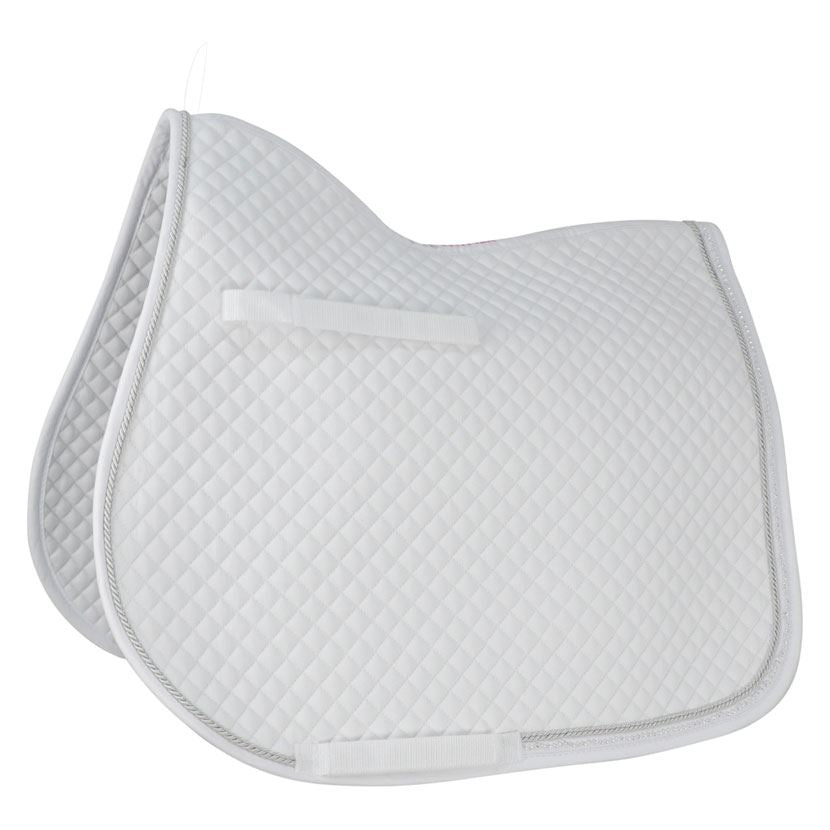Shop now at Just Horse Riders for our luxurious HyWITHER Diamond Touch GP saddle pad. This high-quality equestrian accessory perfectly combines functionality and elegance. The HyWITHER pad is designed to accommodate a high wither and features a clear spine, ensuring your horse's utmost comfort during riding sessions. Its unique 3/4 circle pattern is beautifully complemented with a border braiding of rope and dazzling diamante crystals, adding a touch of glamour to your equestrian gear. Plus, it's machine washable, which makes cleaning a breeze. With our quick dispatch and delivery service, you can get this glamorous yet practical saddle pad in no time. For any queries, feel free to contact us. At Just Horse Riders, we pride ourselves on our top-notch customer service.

__________________________________________________

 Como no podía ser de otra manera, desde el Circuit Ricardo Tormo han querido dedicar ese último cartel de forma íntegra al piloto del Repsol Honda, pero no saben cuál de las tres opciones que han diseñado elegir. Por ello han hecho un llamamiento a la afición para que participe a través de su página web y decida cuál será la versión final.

__________________________________________________

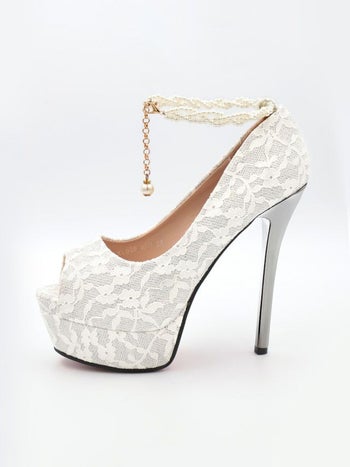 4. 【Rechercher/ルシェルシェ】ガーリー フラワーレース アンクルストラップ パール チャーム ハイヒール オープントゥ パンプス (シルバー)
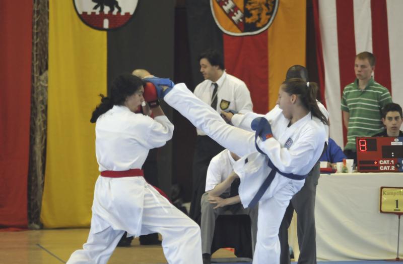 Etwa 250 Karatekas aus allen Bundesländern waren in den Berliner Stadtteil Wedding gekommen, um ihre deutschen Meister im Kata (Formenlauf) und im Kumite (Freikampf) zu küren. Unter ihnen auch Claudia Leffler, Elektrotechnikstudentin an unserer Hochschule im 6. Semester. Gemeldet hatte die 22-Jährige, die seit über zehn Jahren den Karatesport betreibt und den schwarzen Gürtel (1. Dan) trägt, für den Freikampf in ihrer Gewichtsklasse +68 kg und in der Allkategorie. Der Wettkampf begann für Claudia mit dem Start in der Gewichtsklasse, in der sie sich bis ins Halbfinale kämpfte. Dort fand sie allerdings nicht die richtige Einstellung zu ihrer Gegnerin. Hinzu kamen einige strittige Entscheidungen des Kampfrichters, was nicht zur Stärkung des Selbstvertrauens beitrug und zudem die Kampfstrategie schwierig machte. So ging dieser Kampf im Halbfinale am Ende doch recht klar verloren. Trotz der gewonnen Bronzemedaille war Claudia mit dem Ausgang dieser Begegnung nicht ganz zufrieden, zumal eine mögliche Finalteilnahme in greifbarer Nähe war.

__________________________________________________

TASK STATEMENT:
Exactly the lines above, from the one containing "4. 【Rechercher/ルシェルシェ】ガーリー フラワーレース" down to the one containing "Etwa 250 Karatekas", are to be repeated, including both ends. Pictures are not part of the copy.

TASK ANSWER:
 4. 【Rechercher/ルシェルシェ】ガーリー フラワーレース アンクルストラップ パール チャーム ハイヒール オープントゥ パンプス (シルバー)
 Etwa 250 Karatekas aus allen Bundesländern waren in den Berliner Stadtteil Wedding gekommen, um ihre deutschen Meister im Kata (Formenlauf) und im Kumite (Freikampf) zu küren. Unter ihnen auch Claudia Leffler, Elektrotechnikstudentin an unserer Hochschule im 6. Semester. Gemeldet hatte die 22-Jährige, die seit über zehn Jahren den Karatesport betreibt und den schwarzen Gürtel (1. Dan) trägt, für den Freikampf in ihrer Gewichtsklasse +68 kg und in der Allkategorie. Der Wettkampf begann für Claudia mit dem Start in der Gewichtsklasse, in der sie sich bis ins Halbfinale kämpfte. Dort fand sie allerdings nicht die richtige Einstellung zu ihrer Gegnerin. Hinzu kamen einige strittige Entscheidungen des Kampfrichters, was nicht zur Stärkung des Selbstvertrauens beitrug und zudem die Kampfstrategie schwierig machte. So ging dieser Kampf im Halbfinale am Ende doch recht klar verloren. Trotz der gewonnen Bronzemedaille war Claudia mit dem Ausgang dieser Begegnung nicht ganz zufrieden, zumal eine mögliche Finalteilnahme in greifbarer Nähe war.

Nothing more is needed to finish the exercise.